Helictites  II

ANDYSEZ  Number  19     (Journal  23, June 1996, p 18)

The deadline has passed, I don't have time to do all the research and I need to draw some diagrams before embarking on the continuing journey into the saga of helictites. We examined some mechanisms in the last ANDYSEZ - and you were promised some more on this. Well, you are not going to get them!

What you are going to get is a quote from the incomparable Norbert Casteret who probably wrote more books about his experiences than any other caving author. His books launched many, including myself, into caving careers. Even now you will often find Ten Years Under the Earth in its red-covered Penguin Edition in second-hand bookshops - it must have had a tremendous print-run - and in libraries. Casteret had many adventures - however, it would seem that many of his practices would not meet with the approval of a late-twentieth century Australasian cave manager - or meet the ASF's Minimal Impact Caving and Safety Codes!

He, and/or his translator, had a vivid writing style and great breadth of knowledge including that of classical antiquity. The style is perhaps too flowery and erudite for modern audiences. In an effort to get me interested in this compulsory foreign language, French, whilst I was in high school, my father made me read the works of Casteret, Martel, Trombe, Joly and Chevalier in their native tongue. It was an interesting, but largely fruitless exercise from a high school point of view but look where it led!

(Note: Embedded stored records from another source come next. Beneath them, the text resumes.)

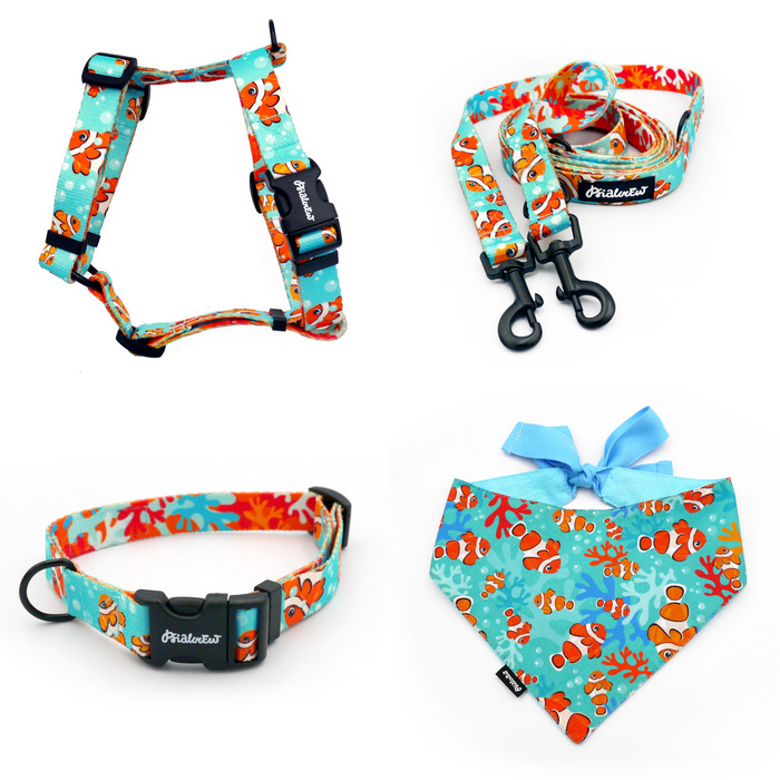 ZESTAW AKCESORIÓW. Pies mały. Seria Błękitna Laguna Psiakrew; Obroża, Szelki, Smycz, Apaszka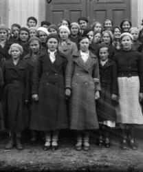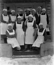 Keittokurssit Heikkolassa Hakojärvellä. vas. edessä Aune Tyrni, Aili Mäkinen, Ida Saarimäki, Helmi Heikkola, takana vas. Kerttu Peurala, Alli Autio, Aune Kallioniemi, Sylvi Jokilehto, Esteri Koivisto, Aino Jokinen ja Mirjam Lamminaho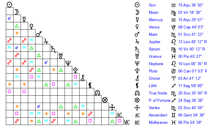 | Saturn | 10 Virgo 46 | 17 Pisces 52 | 5 Virgo 41 |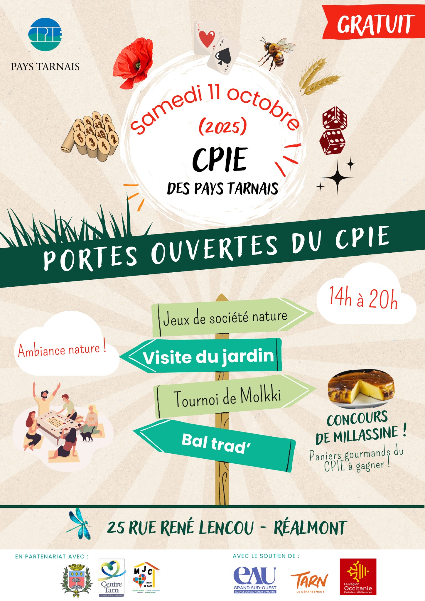 Elle s’est transformée cette année en « Drôle de planète », 1ère édition. Plusieurs évènements ont égréné le long de l’année, le prochain sera les journées portes ouverts du CPIE. Une après-midi proposée à Réalmont, entre visite du jardin, jeux de société nature, tournoi de mollki, concours de cuisine et bal trad !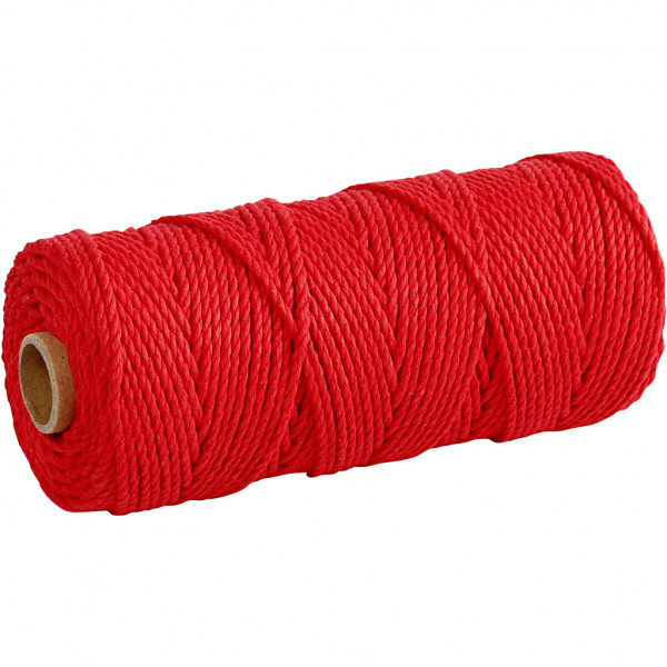 Katoenkoord, l: 100 m, dikte 2 mm, rood, Dikke kwaliteit 12/36, 225gr [HOB-41536]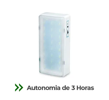 Funciona por até 3 horas com carga completa, ideal para rotas de fuga, escadas e corredores.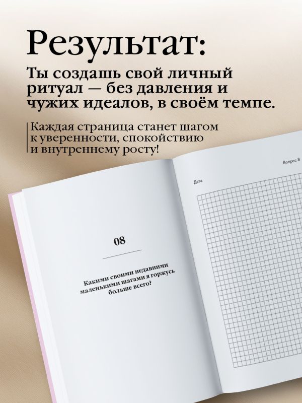 Вместо сухих чек-листов — вопросы, которые раскрывают тебя. Каждая страница помогает увидеть следующий маленький шаг, а не давит глобальными «надо».
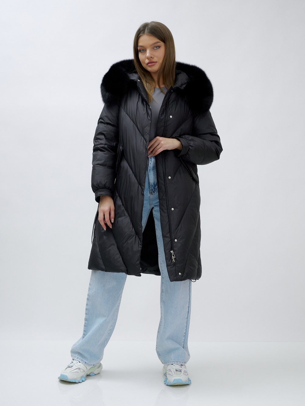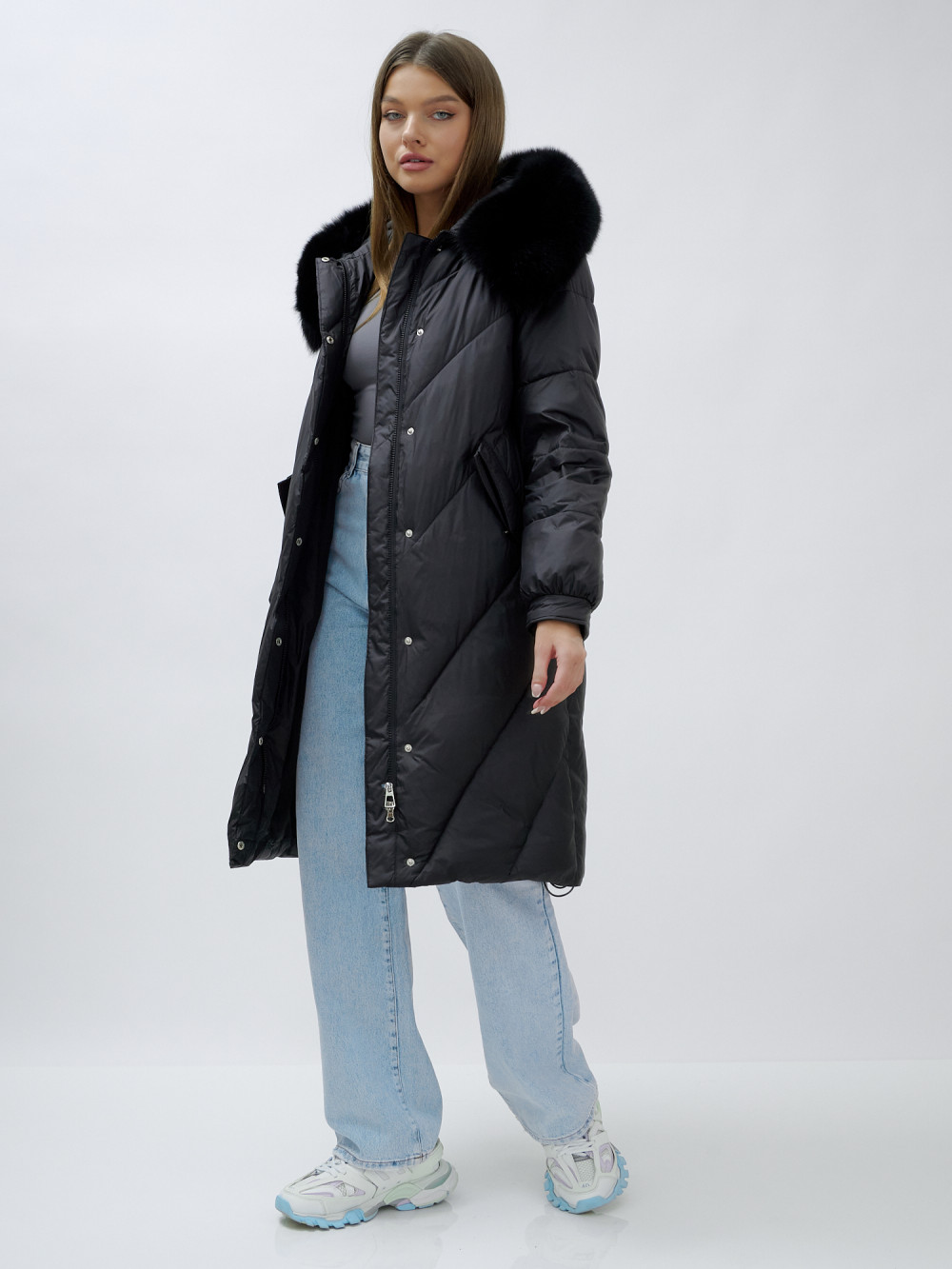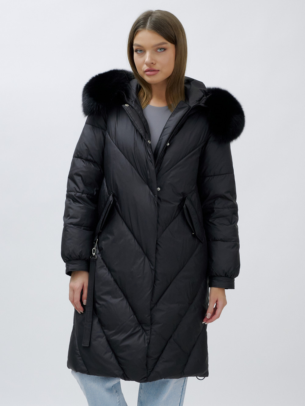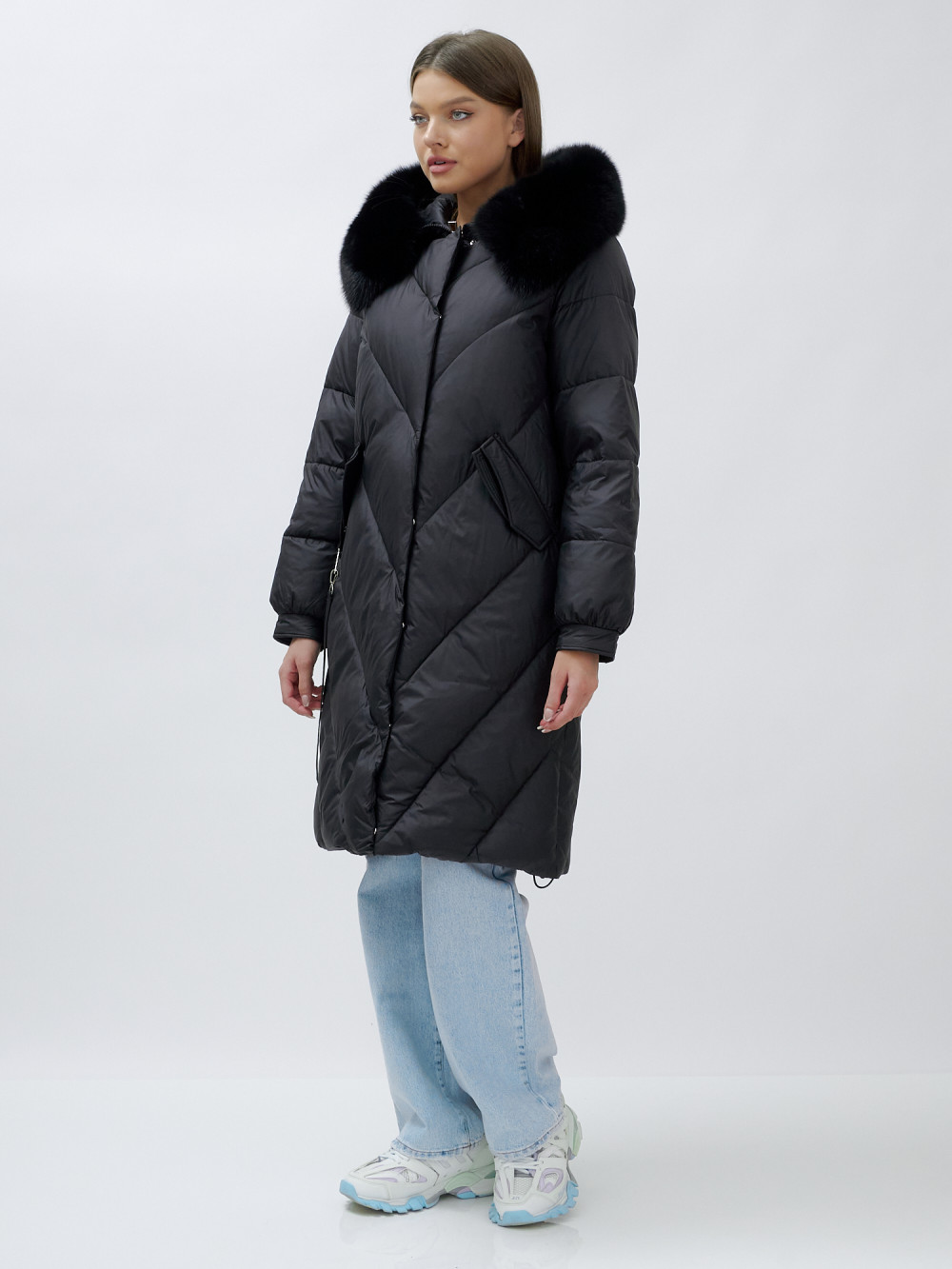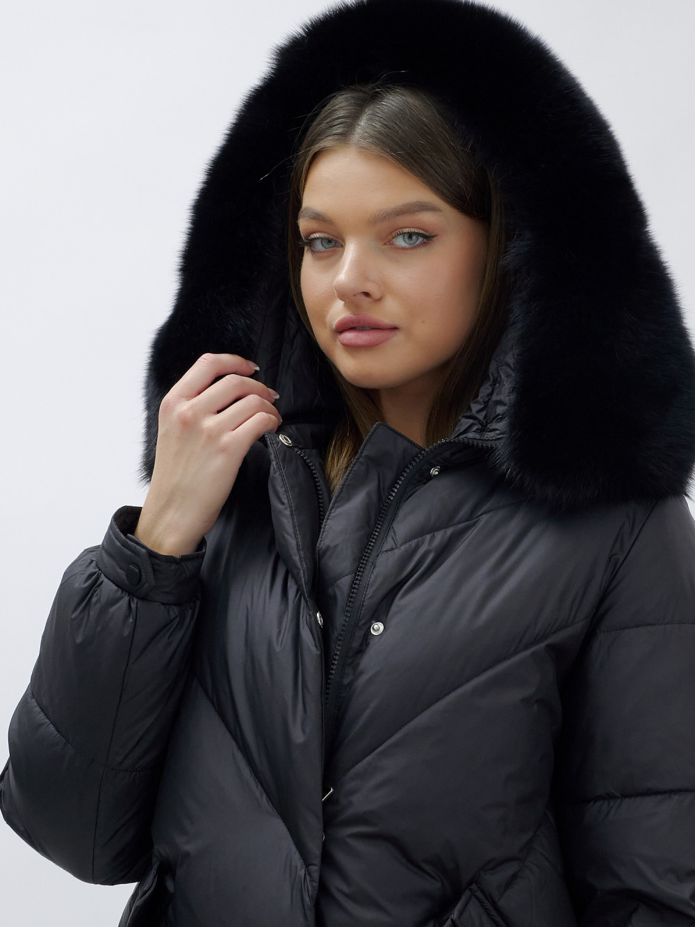 Пальто женское зимние с мехом песец люкс класса черного цвета 1316Ch — APNEEY

Casteret died in 1986 or 1987 and there is an interesting last interview and obituary in the Transactions of the British Cave Research Association in mid-1987 - if my memory serves me correctly - if anyone knows the correct reference or has copies I would like to hear from them. Try to get hold of Casteret's books - they are worth dipping into. Here is what he had to say about helictites:

In a few rare caverns there are extraordinary irregular stalactites, apparently defying the laws of gravity, and entirely apart from the usual blade (tapering) shape; they are called helictites...... Their chemical composition is that of ordinary stalactites, but the laws governing their formation and structure are still almost a complete mystery. There are several theories, all quite possibly wrong. These stalactites are a flamboyance of nature,. they are disconcerting and fairy-like, daring and fantastic. They are usually thin, almost thread-like, hanging vertically from the ceiling; suddenly, for no reason, they bend sharply, rise at an acute angle or in a spiral, fling out tentacles in all directions; they cling to neighbouring stalactites, only to free themselves again, and sometimes touch the ceiling from which they hang.
Helictites, of course, are the work of calcium carbonate dissolved in water, but know one knows how the work is done. There has been talk of air currents, of capillary or crystallization phenomena, of a colloid state. The most likely hypothesis seems to be that of some yet unexplained kind of osmosis. Osmosis in plants and colloid solutions in a displacement of molecules despite gravity and inertia.
But osmosis has been observed in only the animal and vegetable kingdoms: must we carry it over to the mineral kingdom, breaking down an otherwise inviolable barrier, and likening inorganic to organic cells?
The ancients imagined this possibility, and boldly took the step which gives us pause: they believed in a sort of mineral life. It may have been a dream, ignorance or prescience; but already we have had to return to such ancient concepts as transmutation and catalysis (from alchemy), and opotherapy [treatment with gland extracts] in medicine. Must we explain helictites by the ancient and no doubt empirical concept of "vegetation of minerals"?
Abbe A. Glory, a distinguished speleologist, has proposed an ingenious theory, too technical to explain here, based on the laws of equilibrium, capillarity, and convection, and on evaporation, crystallization, and gravity.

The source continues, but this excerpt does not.